Similarly, you claim
For one thing I'm not sure that there are any sustainable ways of doing this (at least not without fixing loads of complicated social problems which go way beyond just putting fat people on sensible, non-faddy diets). I also don't know for sure that this hypothetical intervention would lead to weight loss in people who are already fat, though I think it's highly likely that it would reduce the numbers of people who become fat in the first place.
I disagree that . In fact, for this to be good medical advice, it is also necessary that the improved quality of life justifies the costs. For 19 out of 20 people, there is at very best no benefit, so why should they devote lots of time and effort to a futile attempt which will just make them feel bad about themselves when they fail? For the 1 in 20 people who are able to lose weight, the costs are very significant, and the benefits are, well, surprisingly elusive.
I would think it's a much better idea for doctors to encourage us to do plenty of exercise and eat healthy, balanced diets, and not care about the effects on weight. Improving your habits is hard but possible, especially if you measure success by how much your habits have improved rather than by some outcome that is only partly related.
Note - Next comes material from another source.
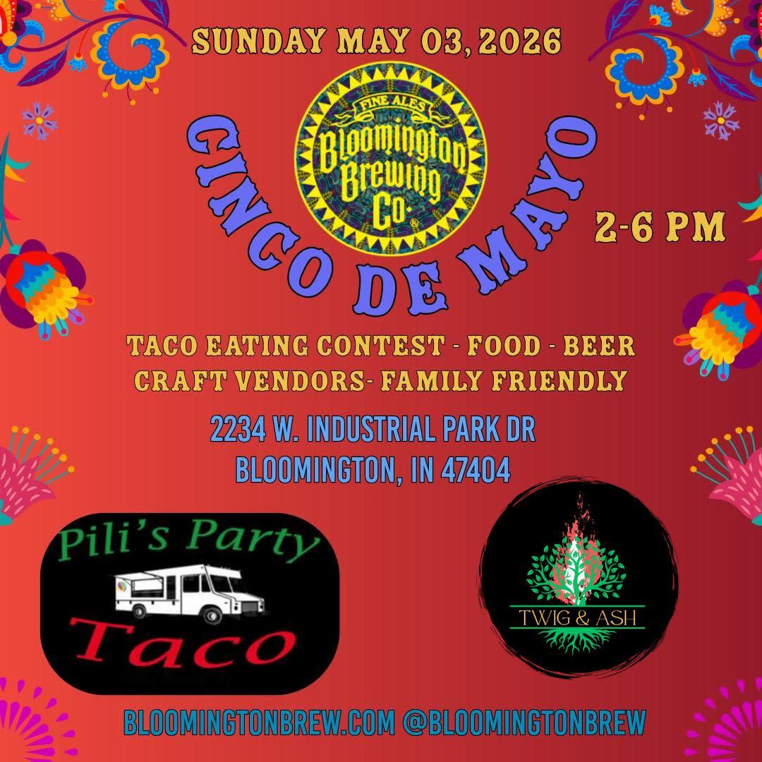 Celebrate Cinco de Mayo with Pili’s Taco Truck, Bloomington Brewing Company, and art vendors of Twig & Ash!

And the health benefits are much better evidenced than those of weight loss. That's why I believe in HAES, basically.
On thinness/fatness
Date: 2012-01-09 04:34 pm (UTC)Also, and I can only speak for diabetes and cardiovascular disease risk here but the situation is probably similar for many other things, there is definitely a genetic component to these sorts of risk factors but even if you're in the highest genetic risk category, if you eat well and exercise well then you can reduce your risk down to a fraction of what it would be if you didn't. I'll see if I can find a graph, this is easier to explain with a good diagram ;-)
Re: On thinness/fatness
Date: 2012-01-17 11:56 am (UTC)And yes, of course you can mitigate (or worsen) genetic risk through lifestyle. Some people do seem to be very resistant to the idea that there's a genetic component to long-term health, because they're afraid that it might give people an "excuse" to live unhealthily. I think this is kind of irrelevant, but it seems to be a fear that people have. Graphs would be lovely, I'm a very verbal person but this kind of thing is almost certainly better represented visually.